Giada de Laurentiis made this recipe on the Today Show last
year. I happened to see this recently
and immediately said I had to make it. It looked so yummy! She tends to make this dish as a macaroni and cheese substitute. After making it, I can see how this rich and
creamy dish can be an easy stand-in for the comfort food favorite.

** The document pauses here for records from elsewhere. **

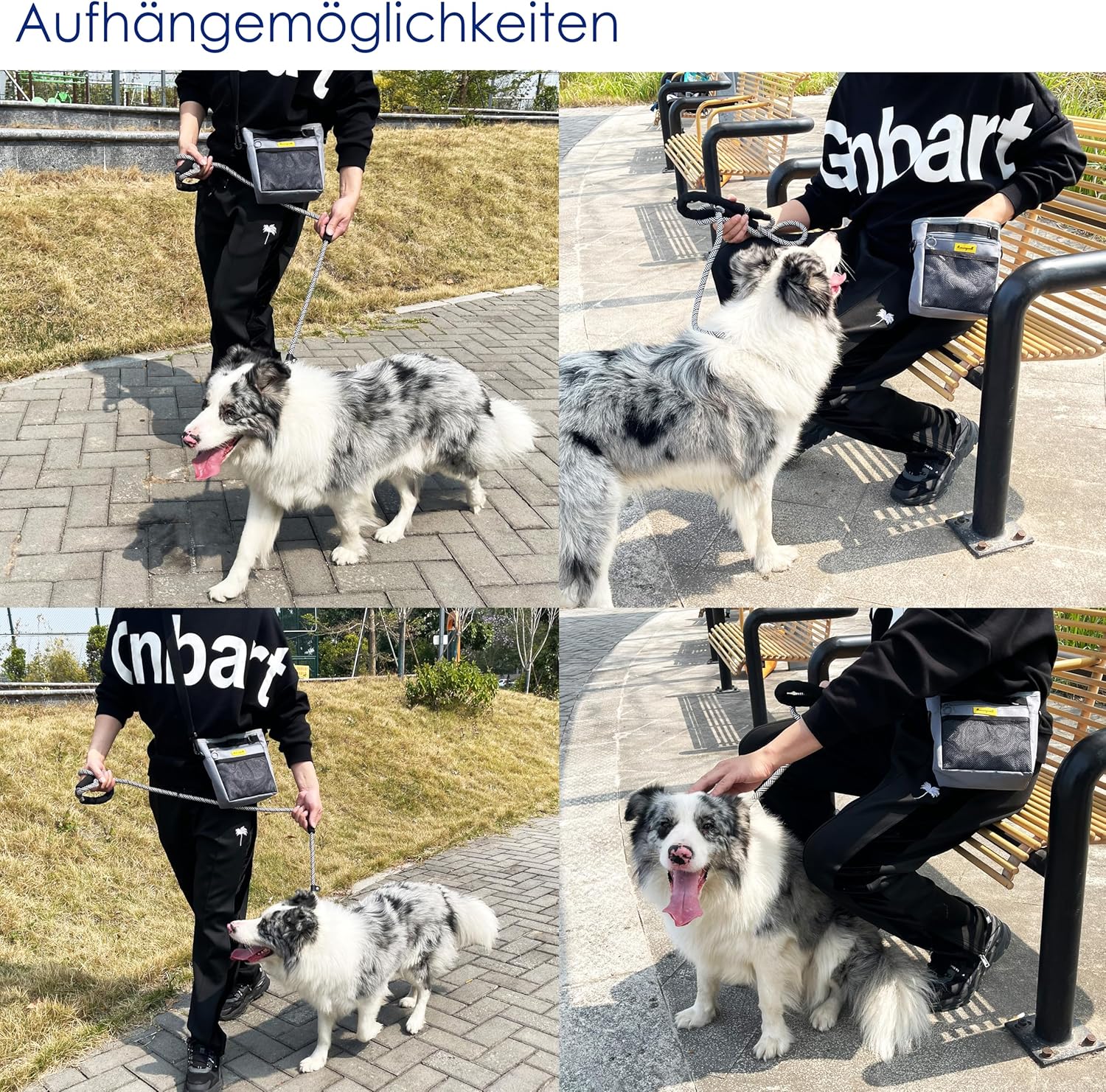 - 3.Enhanced Magnetic Closure: The bag features two sets of powerful magnets at the opening, ensuring automatic closure and preventing food from spilling, even when bending over. A convenient pull tab allows for one-handed opening when you need access to the contents of your dog treat pouch. The strong magnets make it a perfect solution for training and walking, ensuring your treats stay secure in the dog treats holder for training.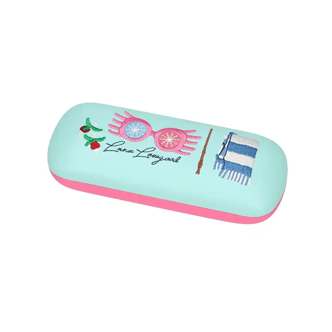 その他、ルーナをイメージしたミントブルーとピンクのバイカラーが目を引く、ルーナの持ち物のメラメラメガネや杖、レイブンクローのマフラーなどを刺繍したメガネケースを販売いたします。 |
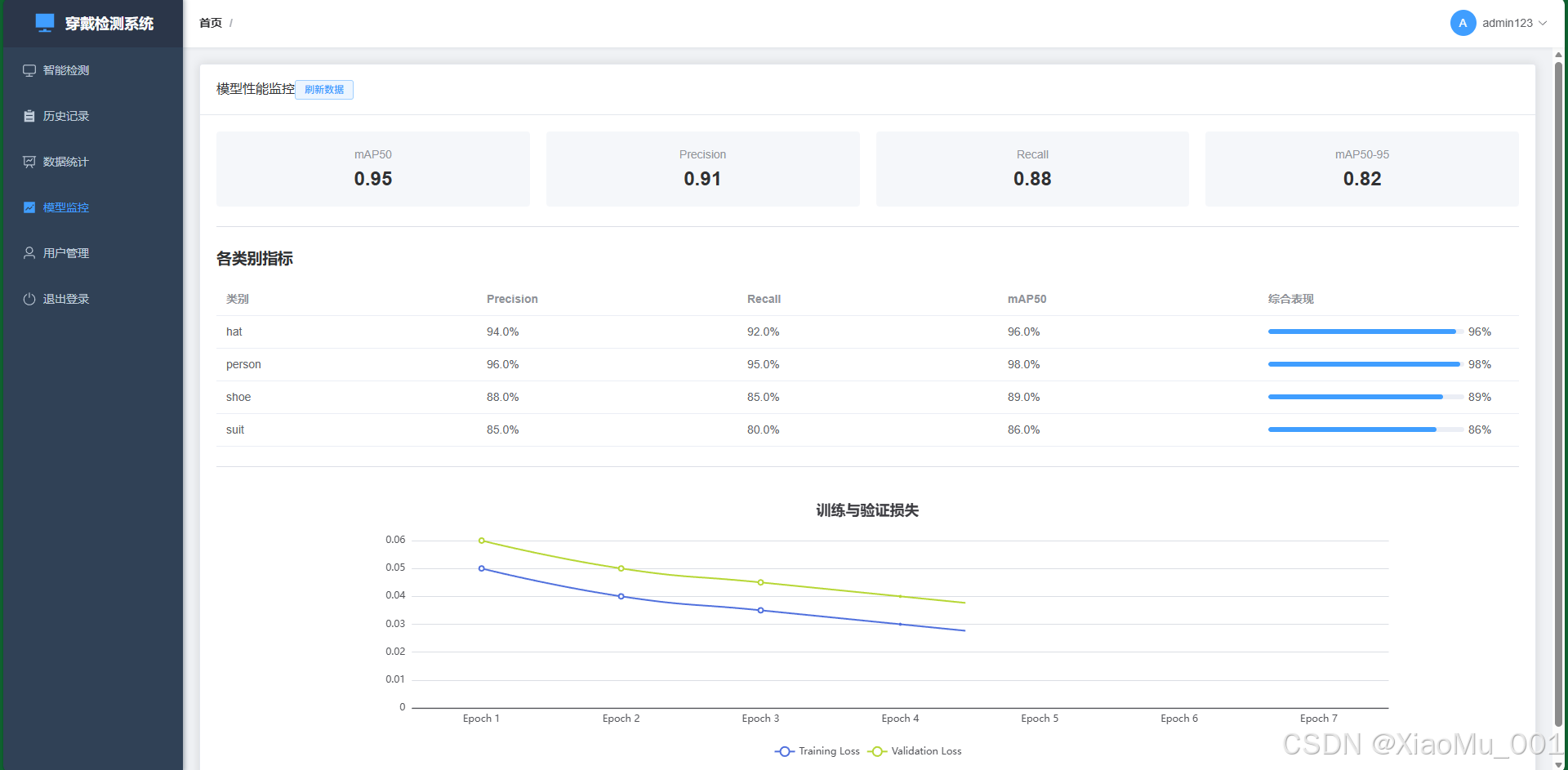- 展示内容: 实时读取后端配置的模型评估指标 (mAP, Precision, Recall) 以及训练过程中的 Loss 曲线。

Clearly this isn’t very healthy with all of the cream and
cheese. I lightened it up slightly by
using half and half instead of heavy cream (which is what the original recipe
calls for). It was so rich that I still
think I could cut back some of the fat by subbing some milk. Some other minor modifications I made was to
use chicken stock instead of broth, adding more seasoning, and topping with
Italian seasoning. Personally, if you're on a diet, I recommend just cutting back the portion instead of the fat because it's worth every bit of it!
Baked Gnocchi
*slightly modified
from Giada de Laurentiis
2-17oz packages potato gnocchi
3c half and half
1c chicken stock
¼ c flour
1 tsp kosher salt
1 tsp black pepper
½ tsp grated nutmeg
12 oz baby spinach
1/3 c crumbled goat cheese
½ c grated Parmesan
½ tsp Italian seasoning
Preheat oven to 400F.
Place gnocchi in a 13x9” baking dish lightly coated in cooking
spray. Set aside.
In a medium saucepan, whisk together the half and half,
chicken stock, and flour over medium heat.
Continue whisking until the sauce is simmering and thickened, about 5
mins. Add the salt, pepper, and
nutmeg. Stir and taste for
seasoning. Add seasoning as needed. Add spinach and toss to coat in the sauce.
Note: I only had about
8 or 9 oz of spinach at home so I used what I had. Therefore, the pictures may be a little
lighter on spinach than what yours would be at home. Next time I will definitely ensure I have
enough spinach because it adds a flavor element and at least one healthy element
to the dish.
Pour the sauce mixture evenly over the gnocchi and spread
spinach out evenly. Top with goat cheese,
Parmesan, and Italian seasoning. Bake until
top is lightly golden, about 30 mins.